Yes, the General knows this to be true. He is their leader. He knows too this must mean he’s already old.
This must mean he has already given up Gaza. This must mean he is busy planning for a Palestinian state. These decisions, he knows he has made them and that they fly in the face of all he’d ever believed.
He takes particular interest in these concessions. Look at how his aged self is able to wield compromise as a new brutality. If he’s come to those conclusions it can mean only one thing. This must mean there’s some trickery behind it. He must somewhere believe it’s the only way to win the Palestinians’ ruthless, fecund, demographic war.
The General flexes his stiffening fingers. He rolls his stiff shoulders. He tries on his now-creaky old self for size. It is not bad, this body, rickety as it is. And it fits so well, in his equally rickety, form-fitting old chair.
This taking of stock, he finds it pleasing and so reflects upon a long life lived. He remembers his way back to boyhood and finds himself in short pants under the Tel Aviv sun. He stands in his mother’s yard as she walks toward him with a cluster of purple grapes held aloft. He can feel himself reaching.
He fights his way forward, through the endless battles, military and political. He forges on until he hears it, not the shot but a different sound, like a wave crashing down. He hears the great rush of voices as the people chant his name. He has been crowned King of Israel, their savior. The General stands tall on the Temple Mount, bathed in this rallying call. He cannot see their faces, shielded by a phalanx, a show of strength.
He is letting his people know that however painful the sacrifices he will ask—this place, hallowed ground, he will never surrender. Not the jewel of their unified, undividable city.
To the edge of that thought is as far as the General’s mind will go.
2002, Paris
They do not exit through the door but climb out the bedroom window onto the little sloped roof of the caretaker’s shed. The waitress does not hesitate as they shimmy down on their bottoms toward the eaves.
“Does anything rattle you?” Z whispers, astonished by the waitress’s alacrity and calm.
“If the roof was higher, maybe,” she says. She then turns around and, slipping down over the edge, hangs for a moment before dropping the couple of feet to the ground.
Z passes her the bag and joins her with a quiet thud. She helps him up, and while Z dusts himself off he peers toward the darkened archway at the front of the building.
Seeing no one, he swings the bag over his shoulder and leads the waitress past the rear entrances, and beneath the second arch, beyond which stands a neglected garden, its trellis affixed to the perimeter wall.
“This was actually once a road,” Z says of the cobbled path beneath their feet. “It was the first that ran directly from the river to the Sorbonne.
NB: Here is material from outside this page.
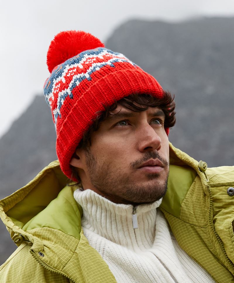 Risvolto flessibile, modello senza tempo Fair Isle, pompon tono su tono, maglia morbida, etichetta Tear Away, lavaggio manuale, no Stiro

That’s why the front entry is so wide.”
“A perfect time for a tour.”
“A relevant time,” he says.
Z kneels down, as if he is going to propose, and, interlocking fingers, he offers her his linked hands as a step.
They hop the wall and find themselves on the continuation of that path, in a courtyard that mirrors the one they just left. They pass under the archways and at the other building’s front gate they press the button to release it, stepping out onto the street.
“You rented an apartment with its own escape route?”
“I did,” Z says. “It’s not so paranoid when you use it to do just that.”
Ready to bolt, Z takes hold of the waitress’s wrist. She pulls it free and takes hold of his.
“Fair enough,” he says. And feeling like he maybe, just maybe, might survive this night, he takes off with her on a happy sprint over to the main thoroughfare and across the first bridge, where they meld into the nighttime crowd outside Notre-Dame. At Rue de Rivoli they slow their pace and step into a taxi waiting at a light.
They sit there quietly, and the driver looks to them, properly annoyed.
“Your call,” Z says to the waitress. “As promised.”
The waitress leans her head toward the space between the seats and asks for the H?tel de Crillon.
“Are you kidding?” Z says. “That’s the fanciest hotel in the city.”
“My thought exactly. No one is going to be looking for you there.”